Add special 7-bit encoding and decoding functions for USSD coding

Handling 7-bit coding is a little different for USSD, as TS 03.38
states:

To avoid the situation where the receiving entity confuses 7 binary
zero pad bits as the @ character, the carriage return or <CR>
character shall be used for padding in this situation [...].

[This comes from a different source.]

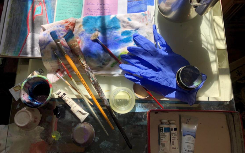 Early morning view of the worktable of Artwork Archive artist Krista Machovina. Photo courtesy of the artist

If <CR> is intended to be the last character and the message
(including the wanted <CR>) ends on an octet boundary, then another
<CR> must be added together with a padding bit 0. The receiving entity
will perform the carriage return function twice, but this will not
result in misoperation as the definition of <CR> [...] is identical to
the definition of <CR><CR>.

The receiving entity shall remove the final <CR> character where the
message ends on an octet boundary with <CR> as the last character.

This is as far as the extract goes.